I have the Lagrange function:
$$L=\sqrt{\frac{\dot{x}^2+\dot{y}^2}{-y}}.\tag{1}$$
The energy is then:
$$H=\dot{x}\frac{\partial L}{\partial \dot{x}}+\dot{y}\frac{\partial L}{\partial \dot{y}}-L=0.\tag{2}$$ Can I somehow apply in this case the Hamilton or Hamilton-Jacobi formalism to find the motion?

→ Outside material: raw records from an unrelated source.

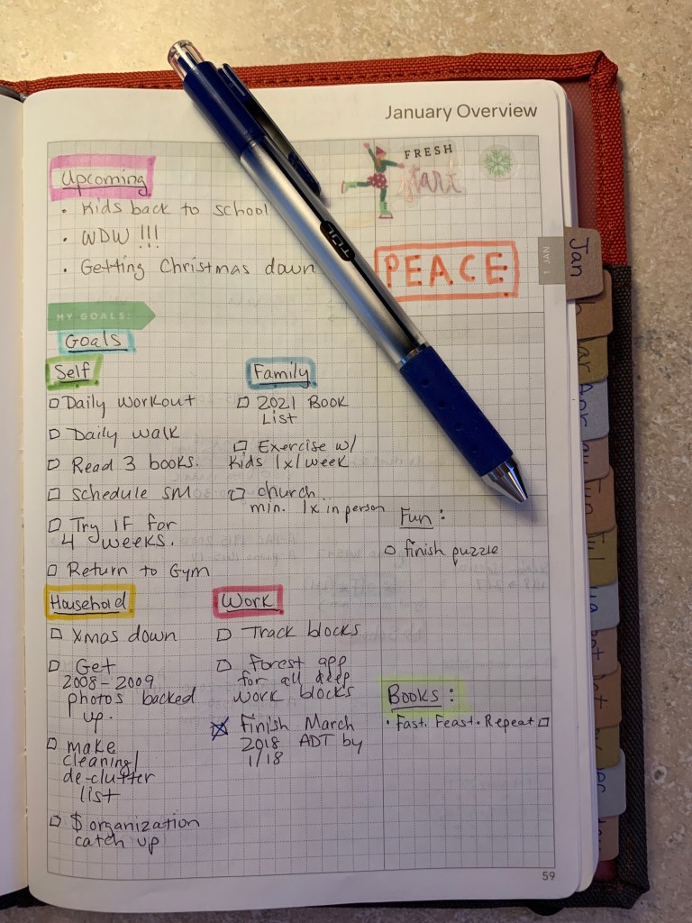 Yesterday I updated a few pages in my planner. I finally did the December Review page, and I also decided how I want to use the Quarterly pages. I decided I think I don’t want to make separate quarterly goals this year. It didn’t flow that naturally for me last year, and I think I’m good with just my 21 for 2021 list plus my monthly goals.
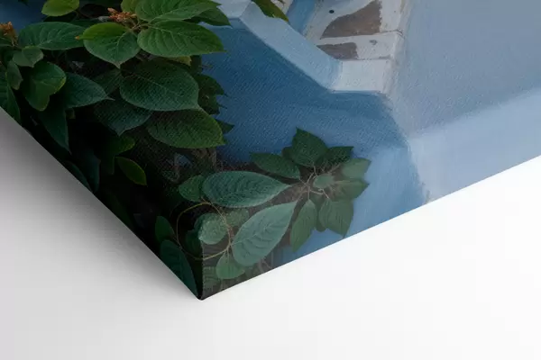 Wandbilder Eine malerische Küstenstadt mit weißen Gebäuden, blauen Fenstern und Topfpflanzen entlang der engen Gassen s40148
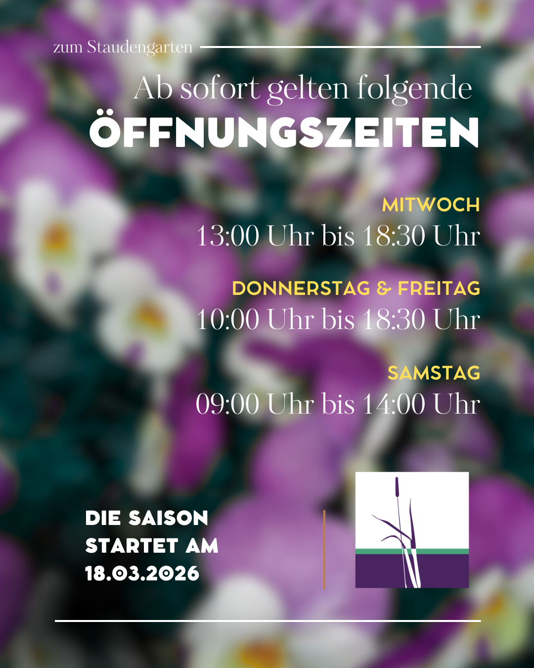 Wir freuen uns auf Sie und Ihren Besuch im Staudengarten und auf Ihre Fragen zu Altbewährtem und Neugedachtem und darauf, Sie individuell zu Ihren Gärten, Beeten und Balkonen zu beraten!
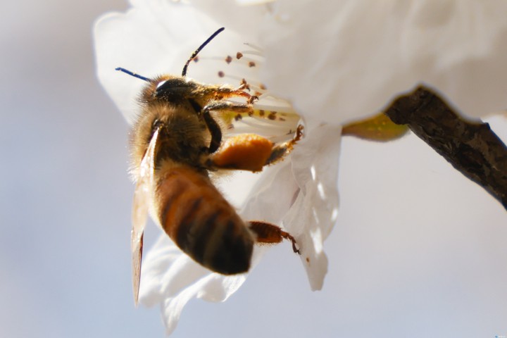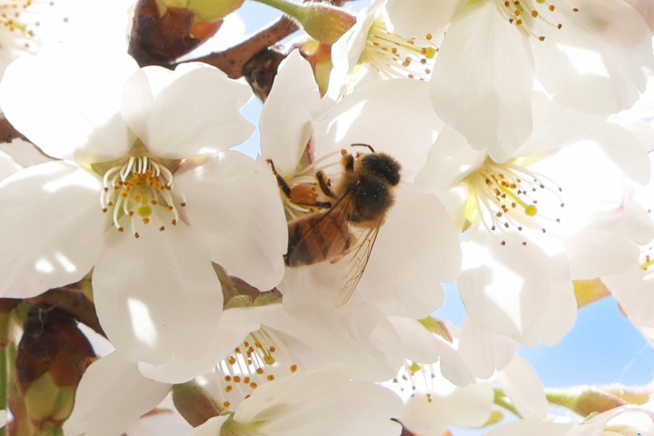 [충북타임뉴스=한정순 기자] 충북 한낮 기온이 25도까지 올라 포근한 봄을 맞은 가운데, 만개한 벚꽃 사이로 다리의 꽃가루 주머니를 가득 채운 꿀벌이 봄맞이 준비에 한창이다./충북도 제공
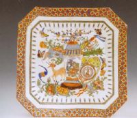 盘心采用博古图案装饰,用一些表示种种美好的希望象征物,如寿字、铜钱、鹿、蝙蝠、蝴蝶等等构成画面。盘沿部分以织锦纹用为装饰图案,在其装饰的徽章纹里有句拉丁格言:“Fortiter et Celeriter”(译:处事坚强,待人温和)。盘的底部则用红彩书“Alice och James Keiller Canton1913”以及Chinese Min Guo Nian Bao Xing Zao(音译:中华民国年宝兴造)和汉字“民国年宝兴造”六字款。
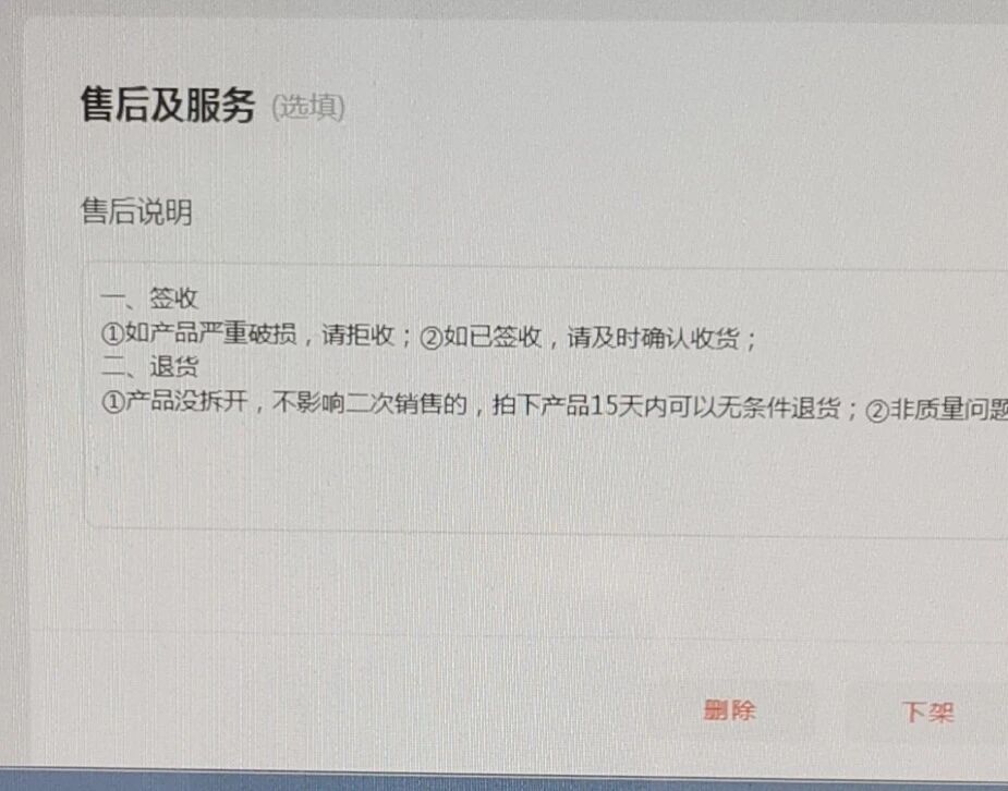 售后及服务说明在后台已经设置,但是前端没有显示,请尽快处理!
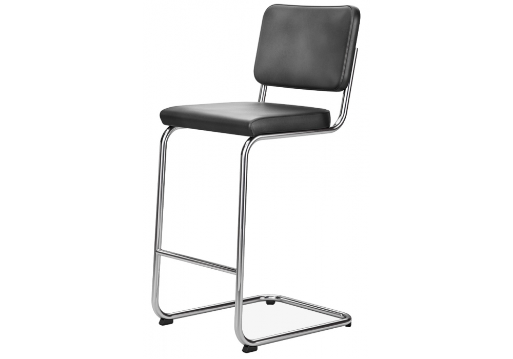 S 32 PVH / S 32 PVHT diseñado por Marcel Breuer, Copyright Artístico Mart Stam para Thonet es un taburete de tubo de acero cromado, disponible en dos alturas. Asiento y respaldo tapizados con tapicería de tela, piel o cuero. Cordón o costura disponible en diferentes versiones.

OP's Lagrangian (1) is the square root Lagrangian for a massive relativistic point particle (or equivalently, geodesics) in a curved space with metric $${\bf g}~=~\frac{\mathrm{d}x\odot \mathrm{d}x+ \mathrm{d}y\odot \mathrm{d}y}{-y}, \qquad y~<~0 .\tag{1}$$
The square root Lagrangian (1) has worldline reparametrization invariance, i.e. gauge symmetry. As a result, the Lagrangian energy function $h(x,y,\dot{x},\dot{y})$ [and the Hamiltonian $H(x,y,p_x,p_y)$ in the corresponding Hamiltonian formalism, cf. e.g. this Phys.SE post] vanish.
The easiest way to proceed is to consider the corresponding non-square root Lagrangian, cf. e.g. this Phys.SE post. Then the Legendre transformation, Hamiltonian & Hamilton-Jacobi theory are in principle straightforward to set up.